BEGIN EXTRACTED RECORDS
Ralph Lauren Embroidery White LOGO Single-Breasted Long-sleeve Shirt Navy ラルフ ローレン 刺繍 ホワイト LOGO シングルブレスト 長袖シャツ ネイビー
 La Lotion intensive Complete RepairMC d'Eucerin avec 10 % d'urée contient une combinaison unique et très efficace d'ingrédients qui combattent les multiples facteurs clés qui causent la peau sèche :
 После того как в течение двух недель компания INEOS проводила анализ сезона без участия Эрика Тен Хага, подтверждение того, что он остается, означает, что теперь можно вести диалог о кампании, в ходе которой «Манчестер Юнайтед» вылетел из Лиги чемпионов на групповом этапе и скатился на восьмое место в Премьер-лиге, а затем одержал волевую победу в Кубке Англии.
END EXTRACTED RECORDS
BEGIN EXTRACTED RECORDS
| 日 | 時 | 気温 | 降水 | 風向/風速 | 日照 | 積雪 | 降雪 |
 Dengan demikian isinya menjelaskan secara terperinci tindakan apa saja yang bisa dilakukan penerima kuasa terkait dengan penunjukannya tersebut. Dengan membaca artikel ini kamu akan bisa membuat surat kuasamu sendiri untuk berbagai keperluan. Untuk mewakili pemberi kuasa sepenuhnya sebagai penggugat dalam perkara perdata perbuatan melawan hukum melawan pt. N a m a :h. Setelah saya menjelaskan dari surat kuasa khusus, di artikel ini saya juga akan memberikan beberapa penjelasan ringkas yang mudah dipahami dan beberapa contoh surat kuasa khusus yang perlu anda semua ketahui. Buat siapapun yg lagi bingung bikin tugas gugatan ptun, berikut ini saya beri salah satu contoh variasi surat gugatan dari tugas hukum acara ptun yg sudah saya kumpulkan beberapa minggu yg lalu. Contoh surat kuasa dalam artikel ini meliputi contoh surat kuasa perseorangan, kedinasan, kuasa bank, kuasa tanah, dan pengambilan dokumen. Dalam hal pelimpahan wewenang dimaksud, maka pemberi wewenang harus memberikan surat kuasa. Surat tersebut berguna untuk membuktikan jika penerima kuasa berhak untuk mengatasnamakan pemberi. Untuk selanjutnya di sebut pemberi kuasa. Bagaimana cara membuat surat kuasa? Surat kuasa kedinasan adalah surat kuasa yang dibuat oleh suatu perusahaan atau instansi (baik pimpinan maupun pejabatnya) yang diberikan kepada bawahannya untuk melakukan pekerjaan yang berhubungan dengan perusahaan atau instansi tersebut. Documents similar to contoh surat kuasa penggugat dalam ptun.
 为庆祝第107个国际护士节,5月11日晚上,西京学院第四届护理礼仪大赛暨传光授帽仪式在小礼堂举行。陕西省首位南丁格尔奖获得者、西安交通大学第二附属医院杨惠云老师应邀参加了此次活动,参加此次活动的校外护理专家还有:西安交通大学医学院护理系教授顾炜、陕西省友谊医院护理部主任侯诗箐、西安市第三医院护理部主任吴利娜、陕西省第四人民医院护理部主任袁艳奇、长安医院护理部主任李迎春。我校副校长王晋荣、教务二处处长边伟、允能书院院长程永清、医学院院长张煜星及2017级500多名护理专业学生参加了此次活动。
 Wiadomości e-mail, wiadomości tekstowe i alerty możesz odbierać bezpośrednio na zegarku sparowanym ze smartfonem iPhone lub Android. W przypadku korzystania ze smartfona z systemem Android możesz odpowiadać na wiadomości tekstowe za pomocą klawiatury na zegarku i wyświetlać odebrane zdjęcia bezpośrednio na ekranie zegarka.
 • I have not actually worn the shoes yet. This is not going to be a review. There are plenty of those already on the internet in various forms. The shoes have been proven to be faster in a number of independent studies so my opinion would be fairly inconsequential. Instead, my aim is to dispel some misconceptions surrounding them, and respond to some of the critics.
END EXTRACTED RECORDS
BEGIN EXTRACTED RECORDS
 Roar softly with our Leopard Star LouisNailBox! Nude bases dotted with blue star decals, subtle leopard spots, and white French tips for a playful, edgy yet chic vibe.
END EXTRACTED RECORDS
**TRY IT:**
Set down precisely the lines above between the line holding "为庆祝第107个国际护士节,5月11日晚" and the line holding "of the critics.", inclusive, and nothing beyond them.

**WRITTEN RESPONSE:**
 为庆祝第107个国际护士节,5月11日晚上,西京学院第四届护理礼仪大赛暨传光授帽仪式在小礼堂举行。陕西省首位南丁格尔奖获得者、西安交通大学第二附属医院杨惠云老师应邀参加了此次活动,参加此次活动的校外护理专家还有:西安交通大学医学院护理系教授顾炜、陕西省友谊医院护理部主任侯诗箐、西安市第三医院护理部主任吴利娜、陕西省第四人民医院护理部主任袁艳奇、长安医院护理部主任李迎春。我校副校长王晋荣、教务二处处长边伟、允能书院院长程永清、医学院院长张煜星及2017级500多名护理专业学生参加了此次活动。
 Wiadomości e-mail, wiadomości tekstowe i alerty możesz odbierać bezpośrednio na zegarku sparowanym ze smartfonem iPhone lub Android. W przypadku korzystania ze smartfona z systemem Android możesz odpowiadać na wiadomości tekstowe za pomocą klawiatury na zegarku i wyświetlać odebrane zdjęcia bezpośrednio na ekranie zegarka.
 • I have not actually worn the shoes yet. This is not going to be a review. There are plenty of those already on the internet in various forms. The shoes have been proven to be faster in a number of independent studies so my opinion would be fairly inconsequential. Instead, my aim is to dispel some misconceptions surrounding them, and respond to some of the critics.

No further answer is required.